▶ **Required action**
Look for the line with "stainless steel finish" in the data below, then reproduce word for word that line and every line after it. Leave out all pictures and add nothing.

▶ **Given data**
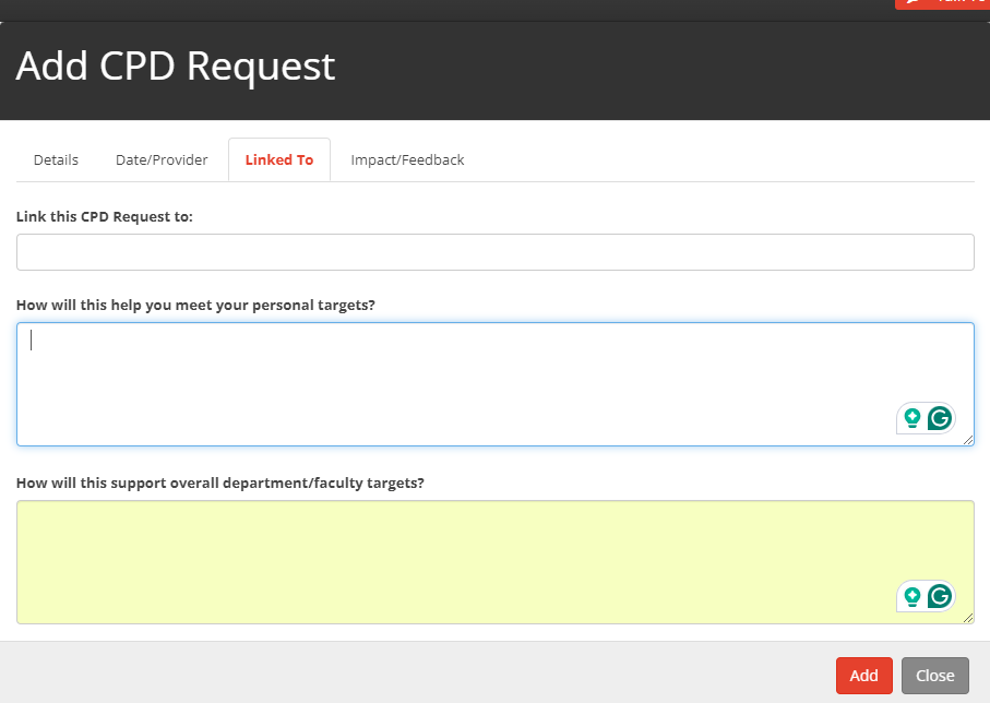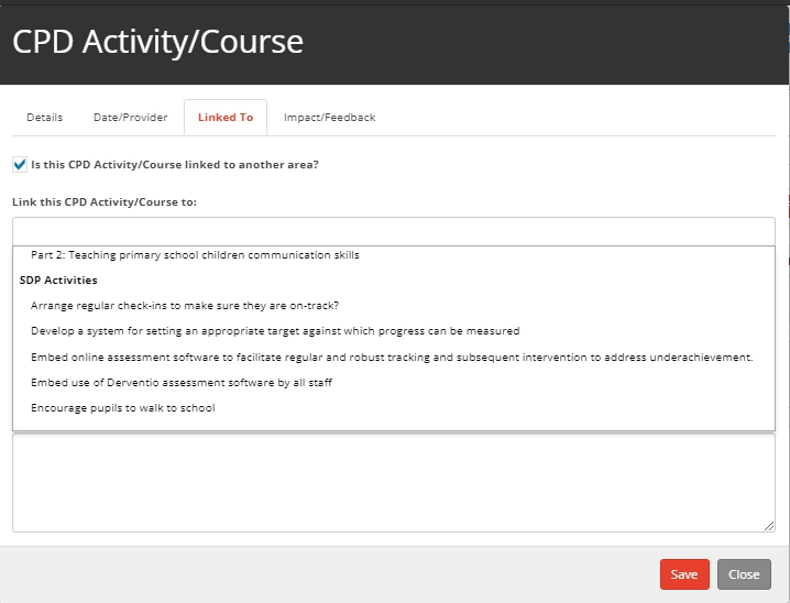 When adding or editing the CPD Course in the portfolio you can now use the link to tab to link the Improvement PLan Activities using the dropdown
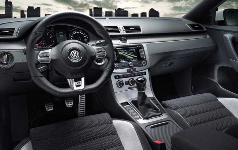 stainless steel finish and a flat bottom steering wheel adorned. The R line
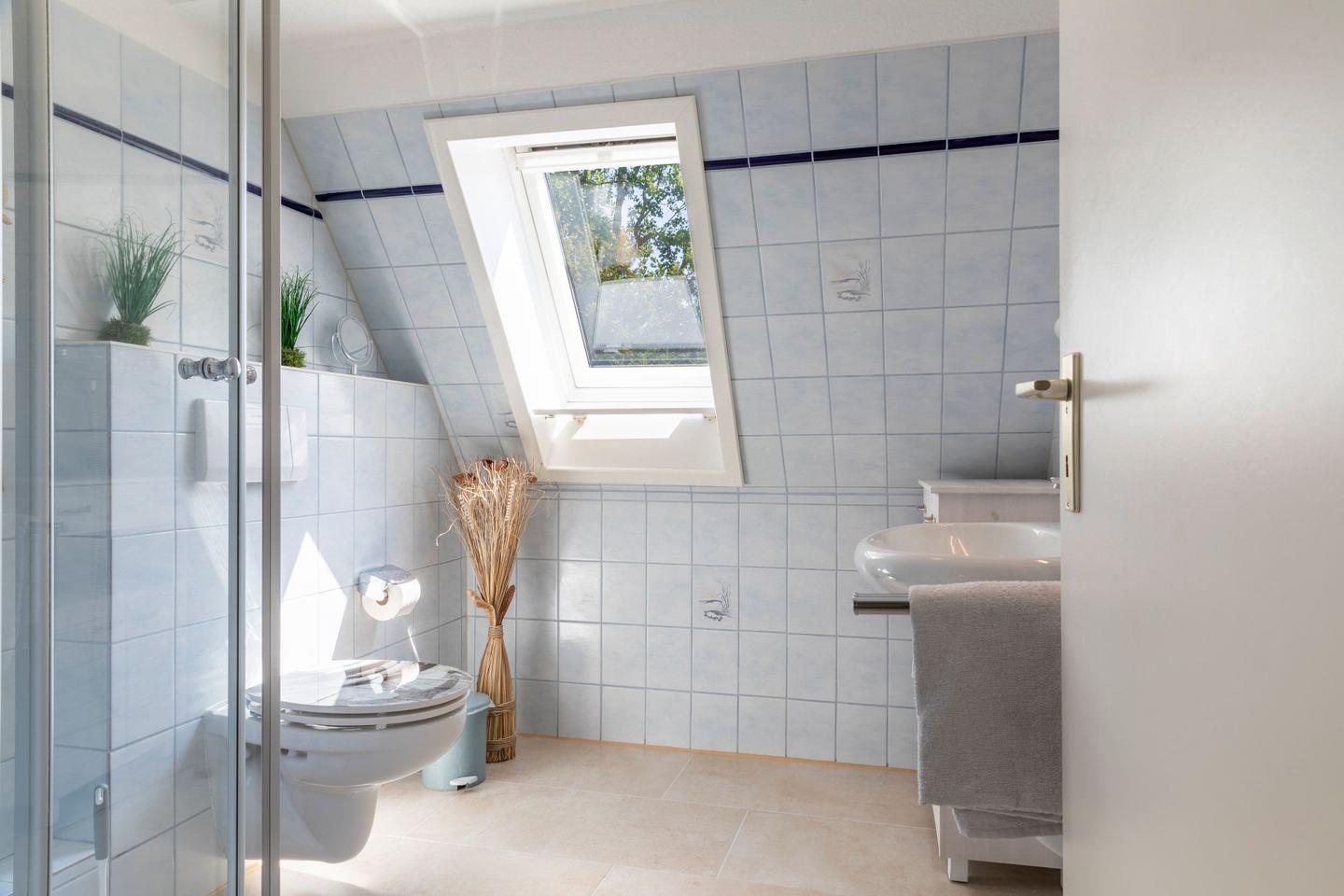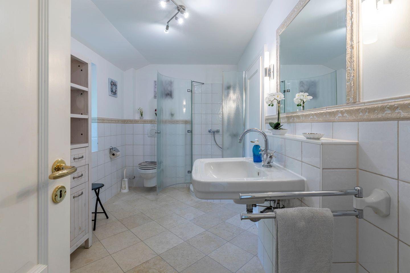 Neben den genannten Räumlichkeiten befinden sich im Erdgeschoss 2 Schlafzimmer. Eines der Schlafzimmer ist mit einem großen Doppelbett ausgestattet (200x200 cm). Das zweite Schlafzimmer verfügt über ein Einzelbett (90x200 cm). Zudem befindet sich unmittelbar angrenzend an die beiden Schlafzimmer ein großes Badezimmer mit Dusche, Badewanne, WC und Waschbecken. Zusätzlichen Komfort bietet das Gäste-WC im Erdgeschoss des Hauses.

▶ **Answer space**
 stainless steel finish and a flat bottom steering wheel adorned. The R line
 Neben den genannten Räumlichkeiten befinden sich im Erdgeschoss 2 Schlafzimmer. Eines der Schlafzimmer ist mit einem großen Doppelbett ausgestattet (200x200 cm). Das zweite Schlafzimmer verfügt über ein Einzelbett (90x200 cm). Zudem befindet sich unmittelbar angrenzend an die beiden Schlafzimmer ein großes Badezimmer mit Dusche, Badewanne, WC und Waschbecken. Zusätzlichen Komfort bietet das Gäste-WC im Erdgeschoss des Hauses.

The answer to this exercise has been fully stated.